----- Provided data -----

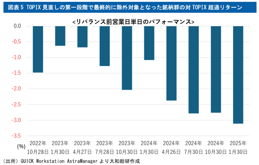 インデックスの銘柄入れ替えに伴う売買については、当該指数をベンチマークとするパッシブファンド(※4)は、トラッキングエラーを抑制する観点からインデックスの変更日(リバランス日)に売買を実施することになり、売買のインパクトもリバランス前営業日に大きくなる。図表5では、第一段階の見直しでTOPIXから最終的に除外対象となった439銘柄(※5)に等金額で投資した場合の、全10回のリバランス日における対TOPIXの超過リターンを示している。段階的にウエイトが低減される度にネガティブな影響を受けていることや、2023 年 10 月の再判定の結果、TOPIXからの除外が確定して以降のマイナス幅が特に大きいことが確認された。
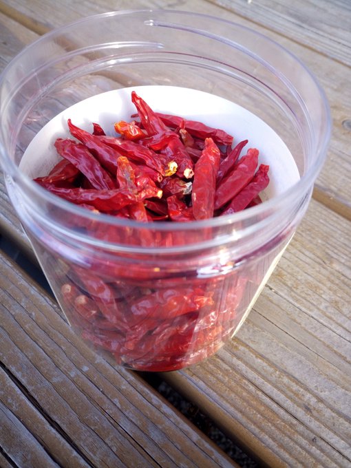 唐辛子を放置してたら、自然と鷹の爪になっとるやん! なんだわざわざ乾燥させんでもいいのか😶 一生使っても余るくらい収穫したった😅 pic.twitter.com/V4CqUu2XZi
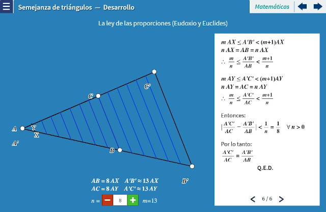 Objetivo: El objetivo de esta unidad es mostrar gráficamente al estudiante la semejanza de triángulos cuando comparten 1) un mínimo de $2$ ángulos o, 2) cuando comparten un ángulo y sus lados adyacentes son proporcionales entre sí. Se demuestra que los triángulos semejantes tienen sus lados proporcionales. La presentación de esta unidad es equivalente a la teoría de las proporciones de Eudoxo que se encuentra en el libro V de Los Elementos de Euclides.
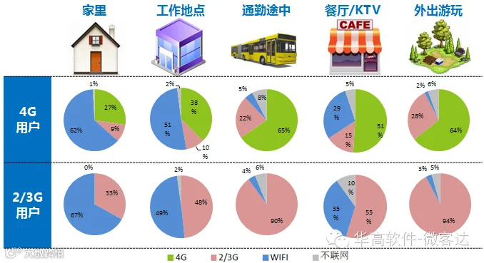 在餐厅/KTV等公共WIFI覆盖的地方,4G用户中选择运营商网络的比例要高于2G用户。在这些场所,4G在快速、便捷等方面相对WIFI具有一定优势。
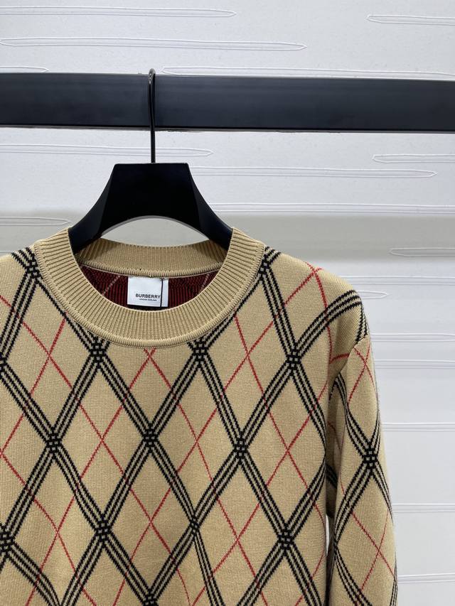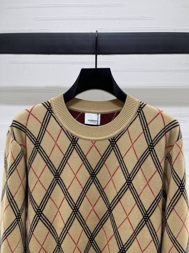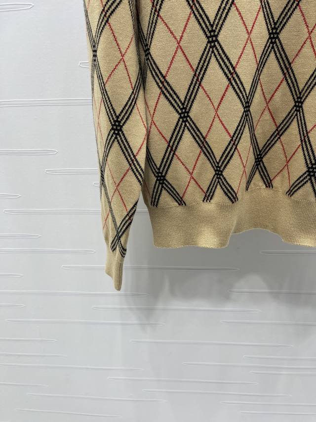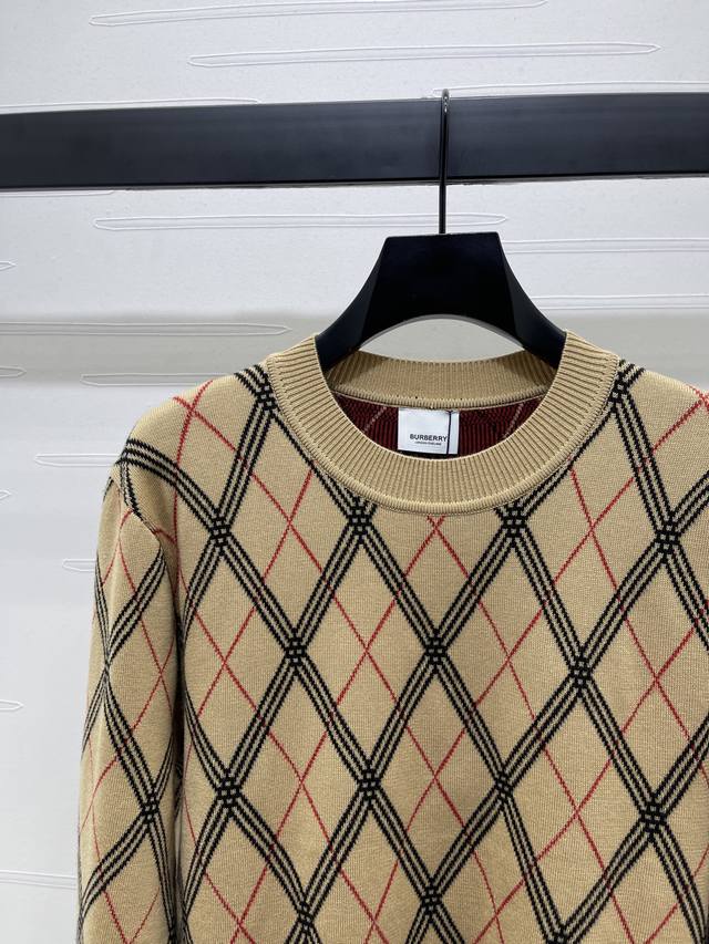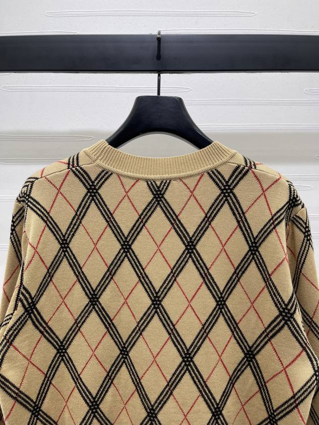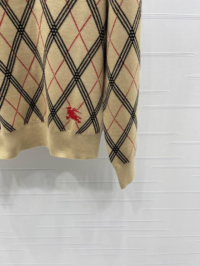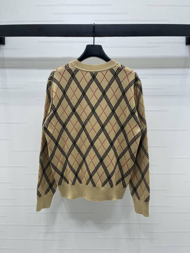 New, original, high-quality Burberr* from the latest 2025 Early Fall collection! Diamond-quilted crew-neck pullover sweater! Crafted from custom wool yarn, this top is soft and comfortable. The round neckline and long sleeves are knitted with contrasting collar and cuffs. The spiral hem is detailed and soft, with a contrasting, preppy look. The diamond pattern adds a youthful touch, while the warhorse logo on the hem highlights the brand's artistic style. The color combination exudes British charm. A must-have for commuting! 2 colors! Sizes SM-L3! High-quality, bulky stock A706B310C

-----
----- Provided data -----

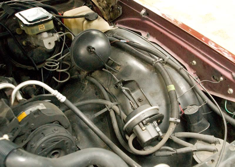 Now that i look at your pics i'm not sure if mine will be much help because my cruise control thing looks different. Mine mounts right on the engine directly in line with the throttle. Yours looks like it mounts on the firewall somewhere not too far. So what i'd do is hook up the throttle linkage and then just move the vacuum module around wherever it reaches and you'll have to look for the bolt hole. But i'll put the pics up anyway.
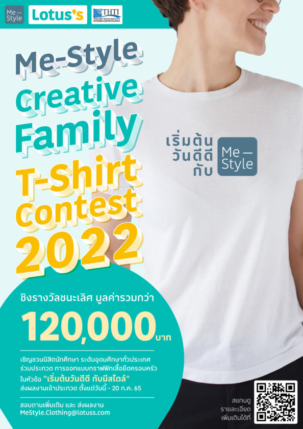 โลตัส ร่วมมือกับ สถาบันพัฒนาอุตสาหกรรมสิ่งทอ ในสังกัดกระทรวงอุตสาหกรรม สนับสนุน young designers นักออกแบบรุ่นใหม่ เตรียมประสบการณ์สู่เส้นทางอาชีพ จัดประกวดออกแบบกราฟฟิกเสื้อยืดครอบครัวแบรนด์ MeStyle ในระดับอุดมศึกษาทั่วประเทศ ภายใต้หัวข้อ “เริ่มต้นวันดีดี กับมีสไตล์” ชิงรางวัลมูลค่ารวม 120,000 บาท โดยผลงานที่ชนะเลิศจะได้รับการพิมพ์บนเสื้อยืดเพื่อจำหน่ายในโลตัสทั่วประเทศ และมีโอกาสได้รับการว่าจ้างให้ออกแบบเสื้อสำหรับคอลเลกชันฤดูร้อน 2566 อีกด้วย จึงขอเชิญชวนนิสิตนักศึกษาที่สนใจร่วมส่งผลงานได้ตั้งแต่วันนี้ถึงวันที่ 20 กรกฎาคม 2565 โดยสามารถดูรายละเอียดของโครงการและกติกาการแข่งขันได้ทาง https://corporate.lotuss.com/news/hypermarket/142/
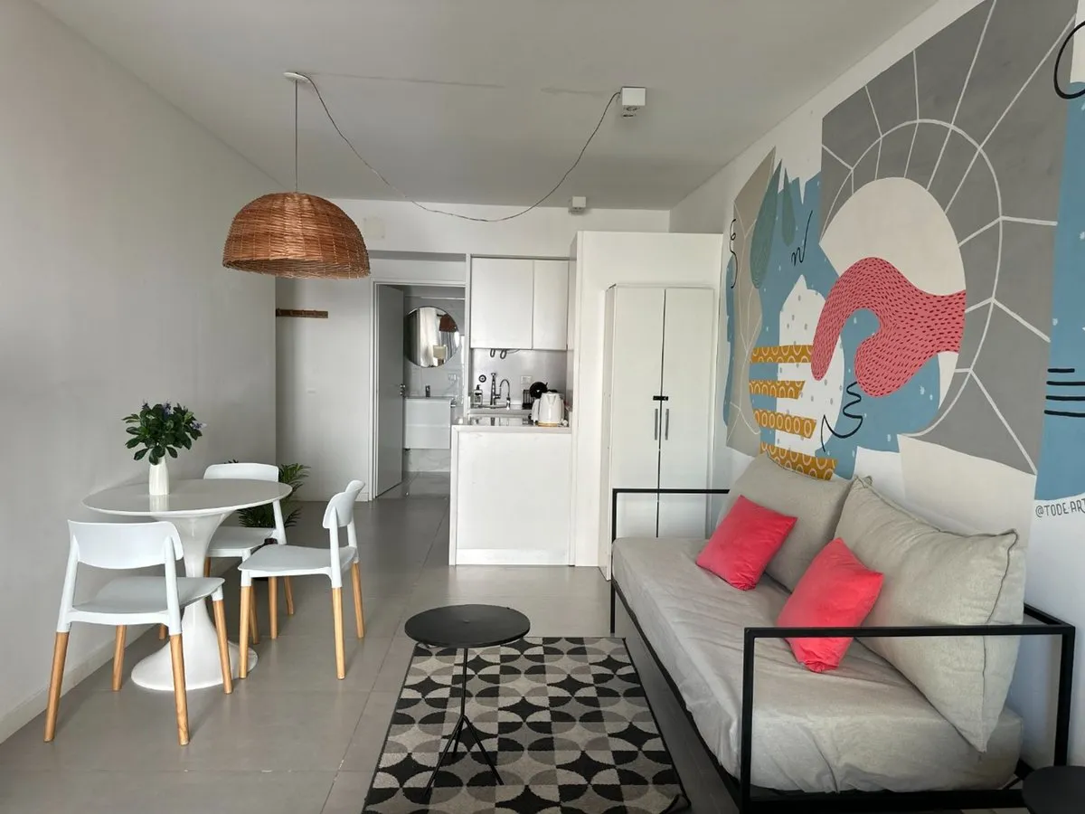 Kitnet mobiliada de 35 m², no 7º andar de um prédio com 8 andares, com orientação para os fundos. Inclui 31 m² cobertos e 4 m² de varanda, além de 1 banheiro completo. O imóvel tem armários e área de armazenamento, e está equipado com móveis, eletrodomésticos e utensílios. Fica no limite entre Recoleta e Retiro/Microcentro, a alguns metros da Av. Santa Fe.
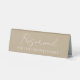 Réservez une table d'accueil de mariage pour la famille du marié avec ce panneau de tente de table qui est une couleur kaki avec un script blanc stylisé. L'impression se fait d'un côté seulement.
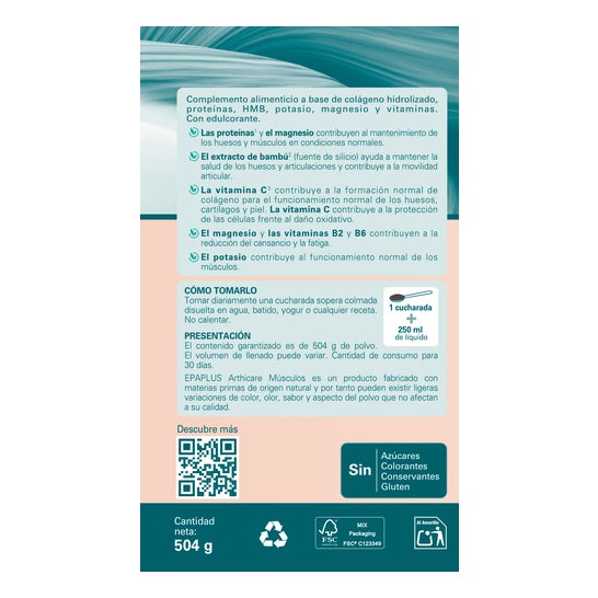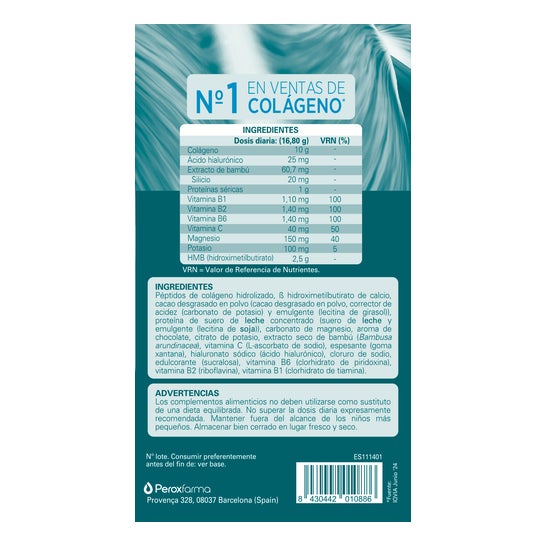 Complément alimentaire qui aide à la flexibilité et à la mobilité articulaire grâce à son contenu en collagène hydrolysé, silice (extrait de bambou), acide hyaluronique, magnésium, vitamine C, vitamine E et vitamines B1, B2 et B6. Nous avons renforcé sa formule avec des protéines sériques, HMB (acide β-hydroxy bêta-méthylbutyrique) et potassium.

-----
----- Provided data -----

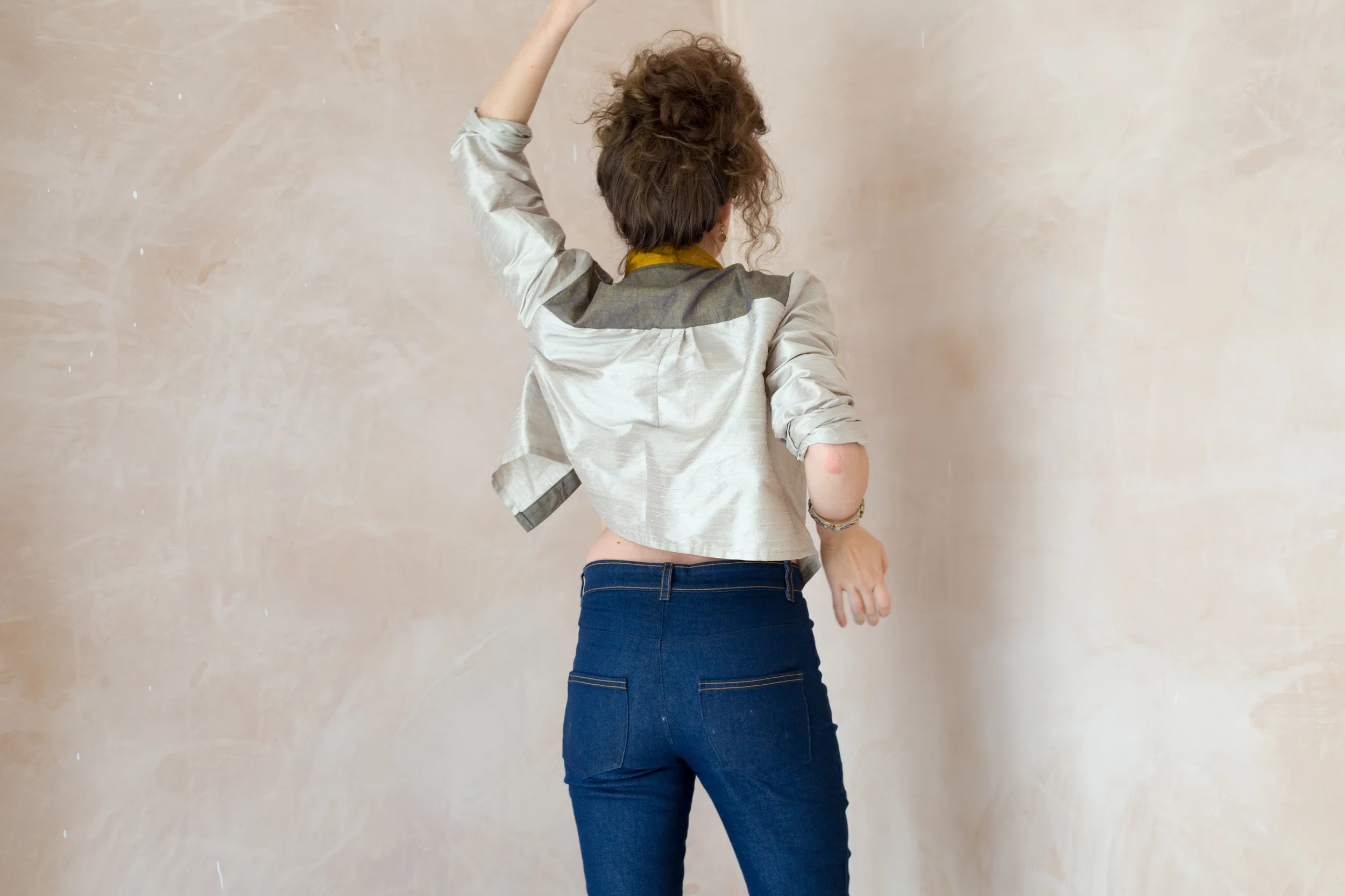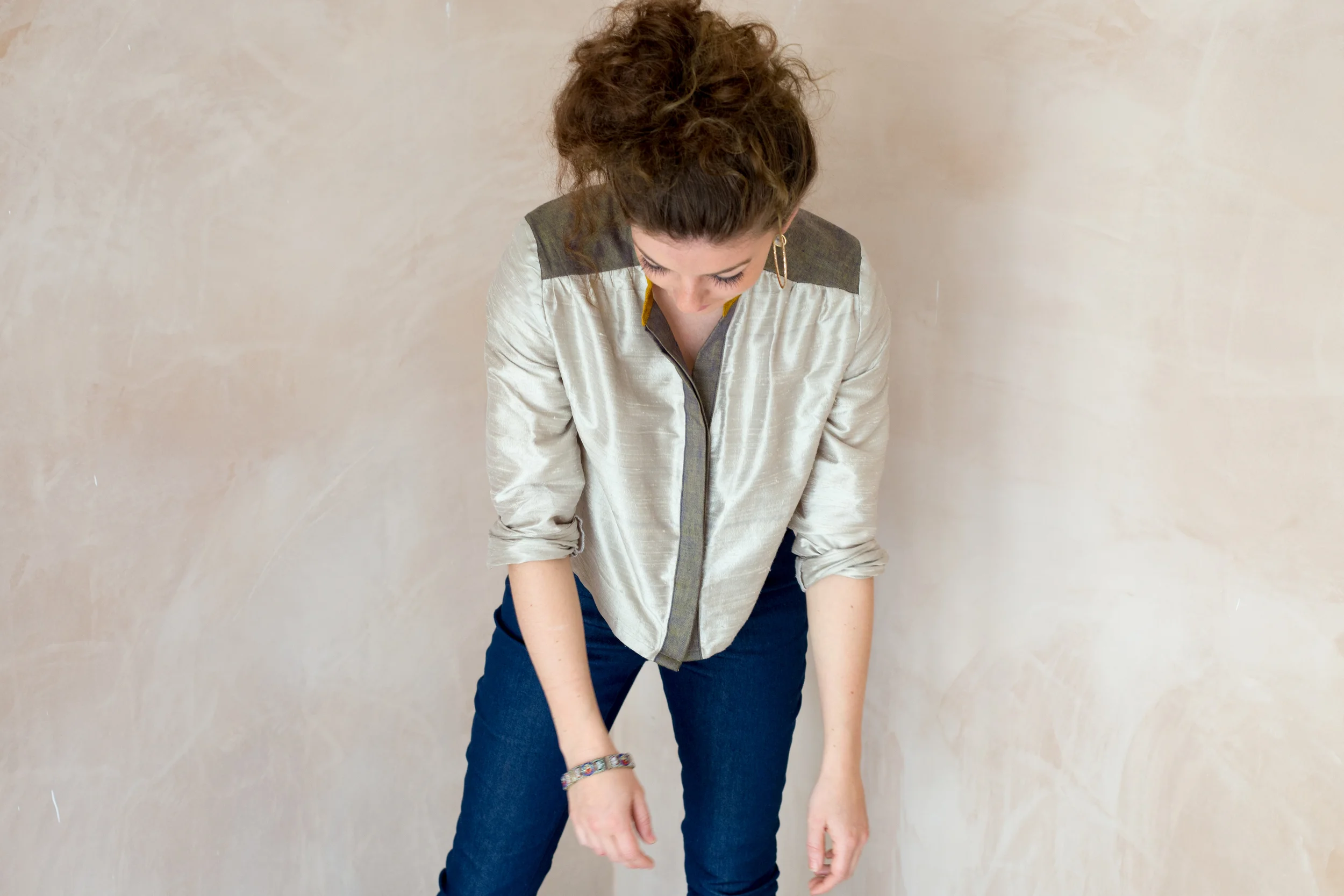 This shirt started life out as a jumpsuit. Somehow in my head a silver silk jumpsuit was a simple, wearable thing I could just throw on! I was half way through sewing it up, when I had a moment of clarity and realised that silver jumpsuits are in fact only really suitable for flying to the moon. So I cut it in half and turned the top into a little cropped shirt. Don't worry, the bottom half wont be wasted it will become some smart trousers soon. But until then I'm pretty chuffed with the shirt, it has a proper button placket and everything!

-----

• _Assignment_
Everything from the line with "在餐厅/KTV等公共WIFI" through the line with "New, original, high-quality" in the material above should be transcribed exactly, except the pictures.

• _Result of this task_
 在餐厅/KTV等公共WIFI覆盖的地方,4G用户中选择运营商网络的比例要高于2G用户。在这些场所,4G在快速、便捷等方面相对WIFI具有一定优势。
 New, original, high-quality Burberr* from the latest 2025 Early Fall collection! Diamond-quilted crew-neck pullover sweater! Crafted from custom wool yarn, this top is soft and comfortable. The round neckline and long sleeves are knitted with contrasting collar and cuffs. The spiral hem is detailed and soft, with a contrasting, preppy look. The diamond pattern adds a youthful touch, while the warhorse logo on the hem highlights the brand's artistic style. The color combination exudes British charm. A must-have for commuting! 2 colors! Sizes SM-L3! High-quality, bulky stock A706B310C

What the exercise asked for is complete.